Data Communication / Computer Network Overview


A system of interconnected computers and computerized peripherals (such as printers) is called network. This interconnection among computers facilitates information sharing among them. Computers may connect to each other by wired media or wireless media.


Computer Networks are classified into many categories based on their respective attributes. These includes:

  • Geographical span
  • Inter-connectivity
  • Administration
  • Architecture

Geographical Span

Geographically a network can be seen in one of the following categories:

  • It may be spanned across your table, among Bluetooth enabled devices. Ranging not more than few meters.
  • It may be spanned across a whole building, including intermediate devices to connect all floors.
  • It may be spanned across a whole city.
  • It may be spanned across multiple cities or provinces.
  • It may be one network covering whole world.


Components of a network can be connected to each other differently in some fashion. By connectedness we mean either logically or physically or both ways.
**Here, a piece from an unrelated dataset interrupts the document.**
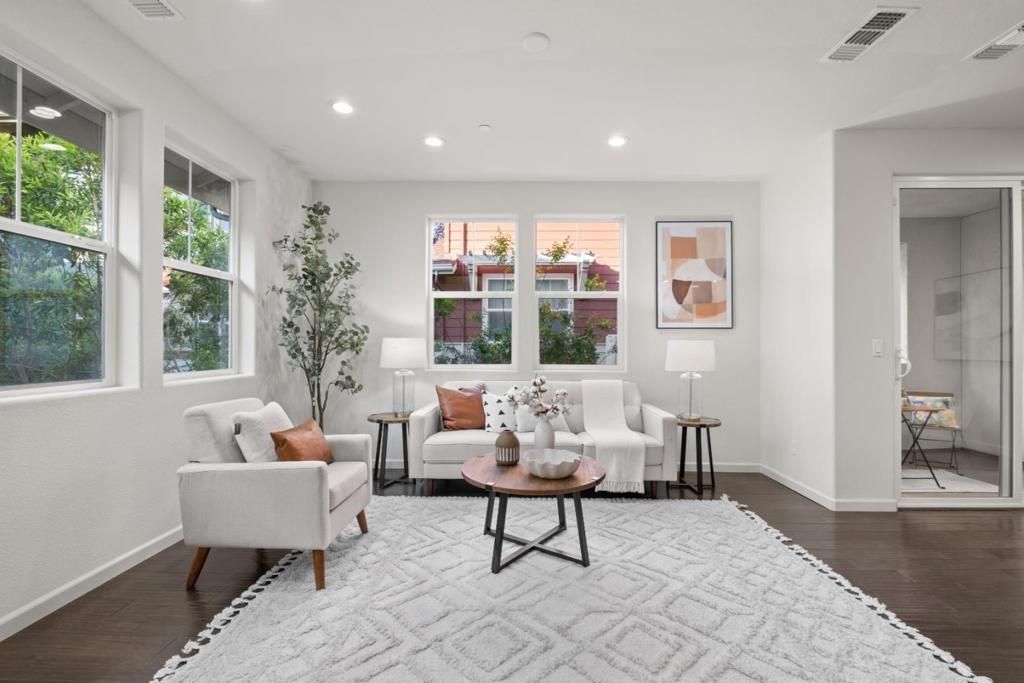 *Bright, contemporary living meets a thoughtfully upgraded interior in this stylish home nestled within the desirable Pepper Lane community. *Open-concept living, dining, and kitchen areas flow seamlessly for daily living and entertaining. The kitchen features granite countertops, gas cooktop, pantry storage, and a breakfast bar. *Quality builder upgrades include updated main-floor flooring, tile in key areas, and upgraded carpeting in bedrooms and stairs. Both bedrooms have custom closet cabinetry, and the primary suite offers a well-appointed en-suite with dual sinks and refined finishes. *Additional features: in-house laundry, central heating & A/C, double-pane windows, ceiling insulation, thermostat controller, and whole-house water softener. *Attached garage with custom storage cabinetry and a 110V 20-amp outlet supports storage and future EV needs. *Set within a well-maintained community, residents enjoy landscaped greenbelts, a clubhouse, playgrounds, BBQ areas, and outdoor gathering spaces. Conveniently located near parks, amenities, and top tech employers (Nvidia, Google, Apple, Supermicro), within the boundaries of Vinci Park Elementary (9/10), Piedmont Middle (8/10), and Independence High (8/10) per GreatSchools.

  • Every single device can be connected to every other device on network, making the network mesh.
  • All devices can be connected to a single medium but geographically disconnected, created bus like structure.
  • Each device is connected to its left and right peers only, creating linear structure.
  • All devices connected together with a single device, creating star like structure.
  • All devices connected arbitrarily using all previous ways to connect each other, resulting in a hybrid structure.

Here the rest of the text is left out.